Problem statement: Each line below must be transcribed exactly, and no picture may appear in the transcription.

Collected data:

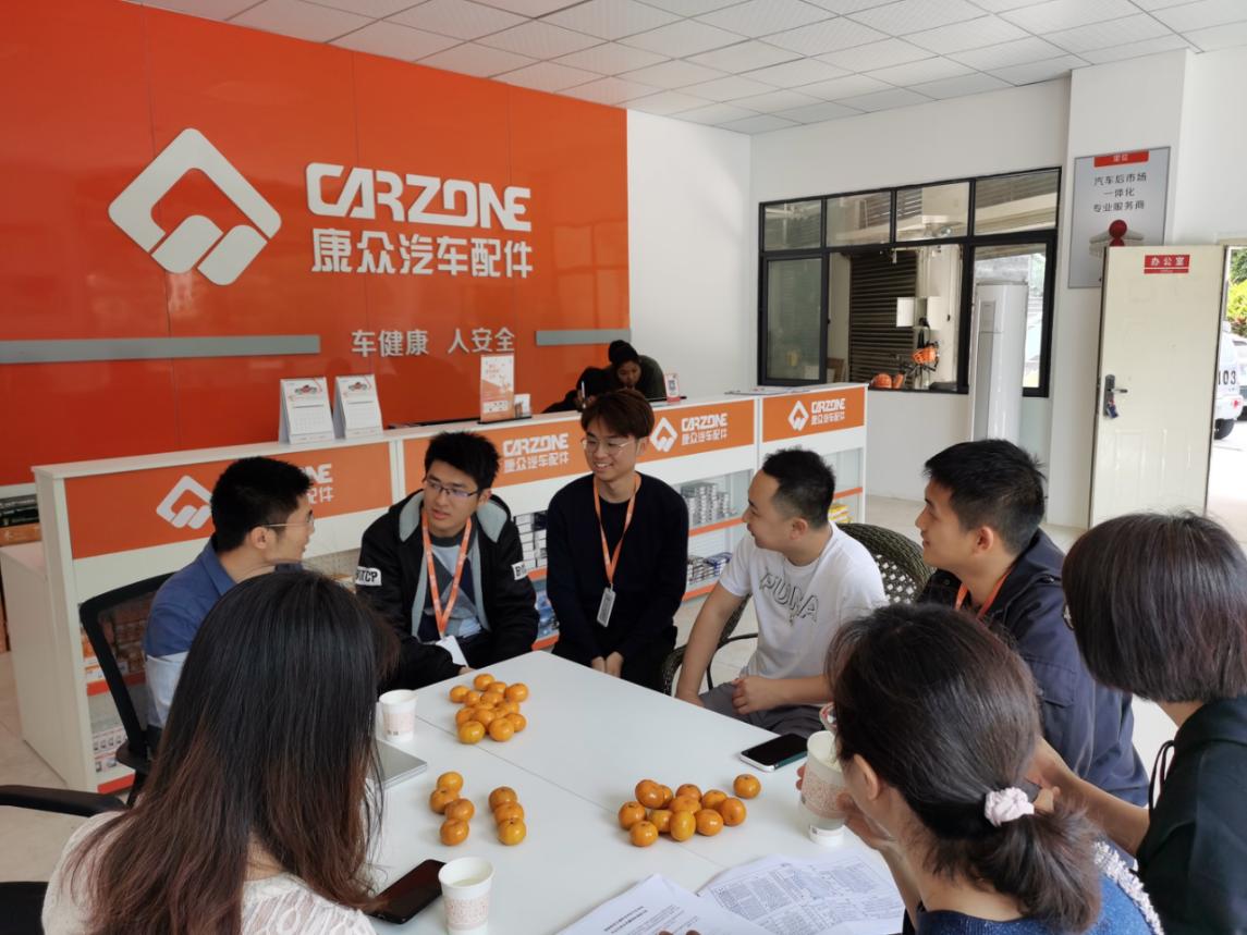 第二天,蘇副院長一行到新康眾汽車配件有限公司看望頂崗實習(xí)學(xué)生并做企業(yè)用人需求調(diào)研。目前我院有15名學(xué)生在新康眾汽車配件公司實習(xí)。蘇院長詢問了實習(xí)生未來在公司的發(fā)展渠道,公司華南區(qū)總監(jiān)隋鑫、人資經(jīng)理陳琳介紹了公司發(fā)展歷史、目前規(guī)模和未來愿景,雙方就汽車后市場最新發(fā)展趨勢展開了討論,初步達成訂單班辦學(xué)協(xié)議。
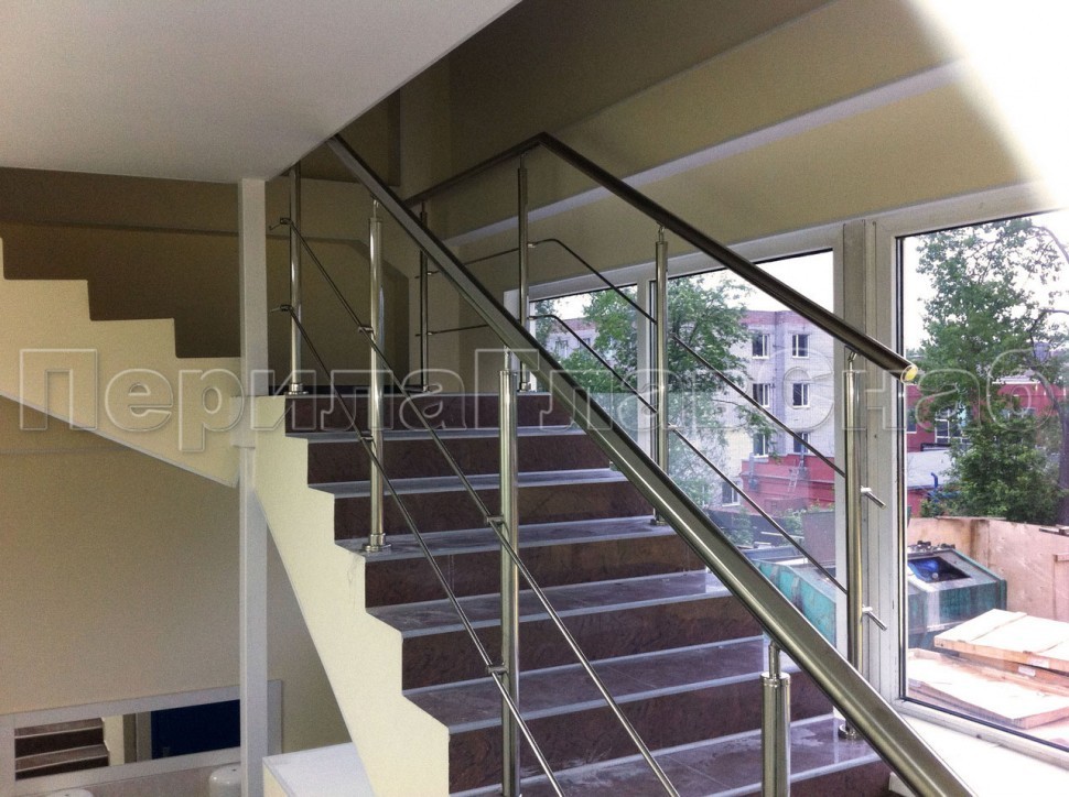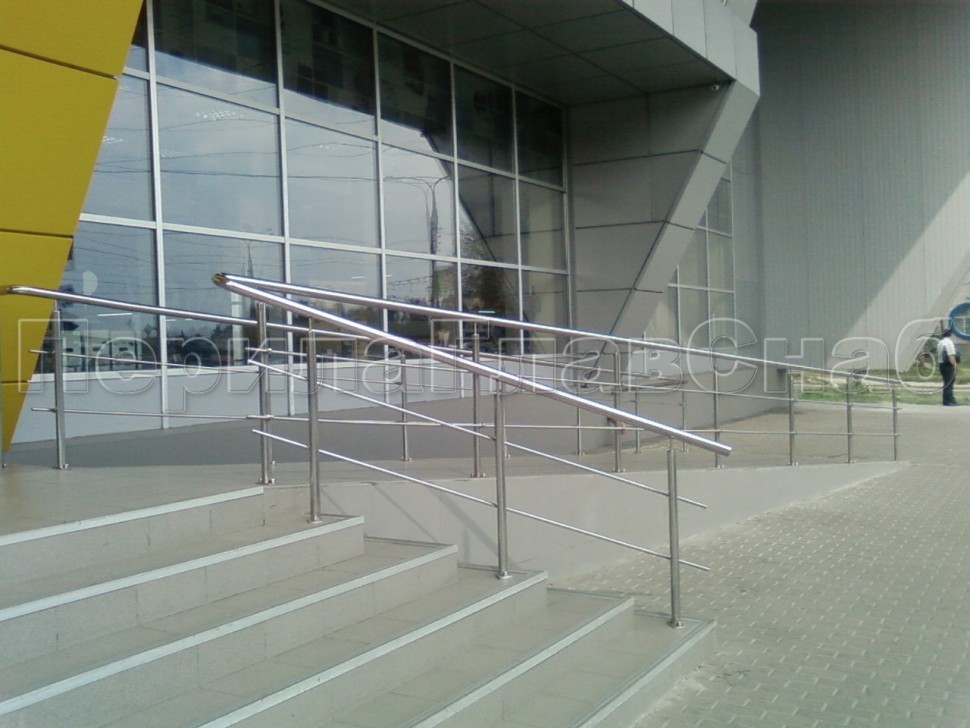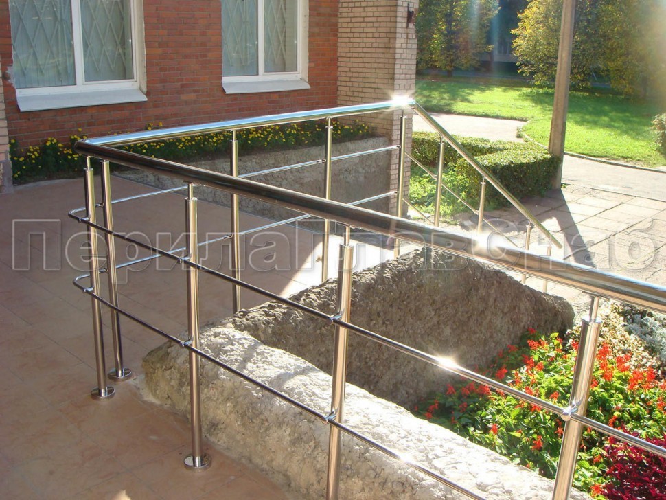 Записаться на встречу Два ригеля на держателях, круглый поручень и круглые стойки
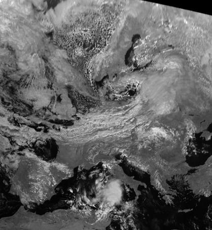 Über der Ostsee liegt das Zentrum des Tiefdruckwirbels 'Ralf'. Seine Kaltfront erstreckt sich von Polen über Deutschland bis nach Nordfrankreich. In ihrem Bereich liegen viele Wolken. Sie bewegt sich langsam südwärts, dabei strömt von Norden kühle Luft nach. Über der Nordsee hat sich im Bereich dieser Kaltluft das lockere Muster zahlreicher Schauerzellen gebildet.
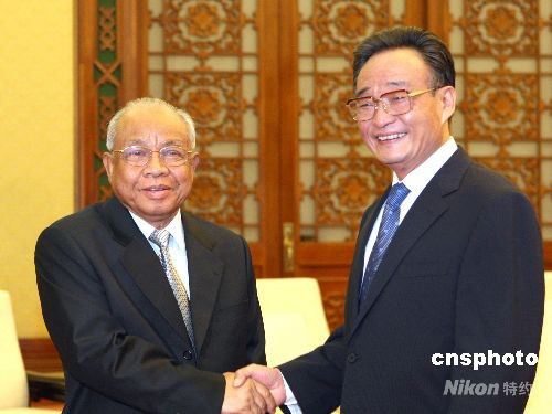 圖:吳邦國會見柬埔寨參議院主席謝辛

Response to this exercise:
 第二天,蘇副院長一行到新康眾汽車配件有限公司看望頂崗實習(xí)學(xué)生并做企業(yè)用人需求調(diào)研。目前我院有15名學(xué)生在新康眾汽車配件公司實習(xí)。蘇院長詢問了實習(xí)生未來在公司的發(fā)展渠道,公司華南區(qū)總監(jiān)隋鑫、人資經(jīng)理陳琳介紹了公司發(fā)展歷史、目前規(guī)模和未來愿景,雙方就汽車后市場最新發(fā)展趨勢展開了討論,初步達成訂單班辦學(xué)協(xié)議。
 Записаться на встречу Два ригеля на держателях, круглый поручень и круглые стойки
 Über der Ostsee liegt das Zentrum des Tiefdruckwirbels 'Ralf'. Seine Kaltfront erstreckt sich von Polen über Deutschland bis nach Nordfrankreich. In ihrem Bereich liegen viele Wolken. Sie bewegt sich langsam südwärts, dabei strömt von Norden kühle Luft nach. Über der Nordsee hat sich im Bereich dieser Kaltluft das lockere Muster zahlreicher Schauerzellen gebildet.
 圖:吳邦國會見柬埔寨參議院主席謝辛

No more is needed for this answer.